Tree licence rollover has no public benefit
At first glance Bill 8 — the Miscellaneous Statutes Amendment Act — looks like housekeeping legislation. Read a little closer and one discovers one of the most pernicious pieces of forest legislation to be tabled in the legislature since a forests minister lost his job over the same issue in 1989.
Bill 8 includes an addition to the Forest Act that would allow the forests minister to invite corporations to roll over their forest licences into Tree Farm Licences (TFL), effectively transferring private ownership rights to the corporation without any reciprocal benefit in the public interest such as requirements to tie timber to local mills for local jobs; to upgrade existing mills; to invest in new mills; and to hand back more than five per cent of the allowable annual cut from existing forest licences, say 30 per cent, to deal with known timber supply shortages and to redistribute timber rights among communities and First Nations.
Imagine many large apartment complexes under a singe landlord. What sane landlord would invite selected tenants to roll over their month-to-month tenancies into a renewable 25-year lease with a token annual rent but without payment for the lease or any substantial reciprocity in kind other than five per cent loss of area? Well, that is precisely what your land agent, the government, is planning to do with your forest land. And matters get worse still.
Unfortunately, this offer realistically works for only corporate tenants of the larger apartments. If you happen to be a First Nations’ band or a forest-dependent community occupying smaller apartments, this offer is not for you because your rented areas are uneconomic in size to roll over into a renewable 25-year lease.
Under TFL tenure, private property rights transferable to corporations include rights to control access; to withhold information about public land (e.g., inventory statistics and maps); to sell and transfer the TFL tenure for which they did not pay in the first place; and to receive compensation if, for example, treaty negotiations should settle land title in favour of First Nations. In short, TFLs alienate public lands.
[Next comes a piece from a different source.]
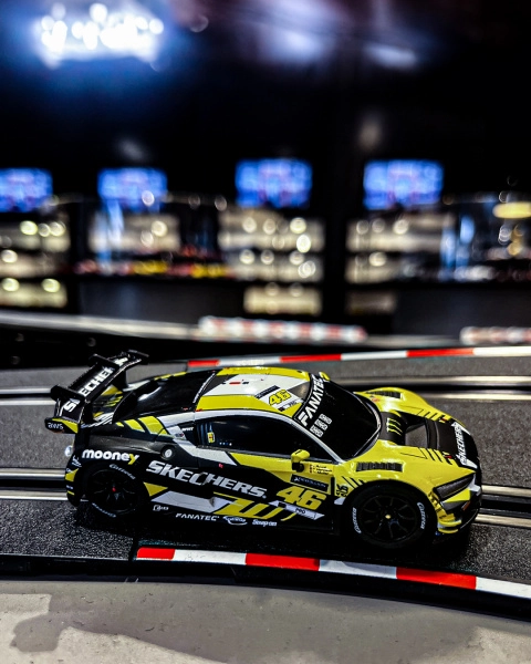Stylový vůz pro autodráhy GO!!! v měřítku 1:43 inspirovaný ikonickým jezdcem VALENTINO ROSSI. Nabízí spolehlivý kontakt díky dvojitým kartáčkům, výbornou stabilitu s magnetem a přesné vedení díky vodicí liště.

So how does the government justify provincewide forest tenure reform on the fly without public discussion?
First, in a recent news release, forests minister Steve Thomson declares, “the legislation fulfils recommendations made by the Special Committee on Timber Supply in their August, 2012 report …” This statement not only misrepresents the scope and object of the committee’s work but it is patently false. The committee’s final report does not contain one recommendation that the government enable TFL-rollover legislation provincewide.
Secondly, the forest minister claims, “area-based tenures [have] a number of benefits, such as creating an incentive for licence holders to make enhanced silviculture and infrastructure investments that will improve the midterm timber supply.”
Again, this assertion is not substantiated by fact. Government directly and indirectly subsidizes most forest management functions on TFLs.
For example, the taxpayer directly pays for insect and disease monitoring and for timber and non-timber inventories.
So what precisely is the incentive for the TFL holder to invest any more in public forests than the minimum required by law?
Thirdly, MLA John Rustad claims area-based tenures lead to “higher productivity and higher return on our land base.” Of timber and profits only. Because area-based management produces “normalized” forests designed to maximize timber growth at the expense of other forest values such as water, soil and biodiversity.
In British Columbia, we ostensibly, and badly, manage natural forests for ecosystem services and for many other cultural values other than timber such as recreation, big game hunting, and tourism.
In just about every country in which area-based forest management is practised, they have completely lost their natural biodiversity of ecosystems, species and genetic richness.
Ironically this government is trying to ram through Bill 8 just as the Auditor General releases a scathing report on the status of the province’s biodiversity.
We in British Columbia still have a chance to do it right for future generations by enacting a Sustainability Act for the protection of air, water, and soil and by implementing a provincewide conservation framework for biodiversity; all resource-use and tenure laws should be subordinate to both.
Further administrative fragmentation of landscapes and enclosure of the commons by TFLs will only make matters worse and infinitely more expensive for us to settle First Nations’ land claims and to assert the public interest in how our forest lands are best managed for the protection of air, water and soil and for the conservation of the biodiversity that bestows on us bountiful timber and non-timber benefits.
Anthony Britneff recently retired from a 40-year career with the B.C. Forest Service during which he held senior professional positions in inventory, silviculture and forest health.